*** Opening of Entries shown ***

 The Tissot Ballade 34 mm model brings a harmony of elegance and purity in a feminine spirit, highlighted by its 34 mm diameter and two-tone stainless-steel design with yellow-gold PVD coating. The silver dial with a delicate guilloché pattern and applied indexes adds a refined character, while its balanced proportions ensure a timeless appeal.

*** Close of Entries shown ***
*** Opening of Entries shown ***

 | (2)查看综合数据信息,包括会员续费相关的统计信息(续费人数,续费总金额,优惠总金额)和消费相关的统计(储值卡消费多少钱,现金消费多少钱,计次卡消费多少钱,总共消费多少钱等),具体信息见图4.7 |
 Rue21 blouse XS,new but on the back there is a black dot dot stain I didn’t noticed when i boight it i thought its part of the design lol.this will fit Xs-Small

*** Close of Entries shown ***

__Directions for this task__. Work out how many lines in this data contain "design". Only that number should be given.

__Your solution__. 2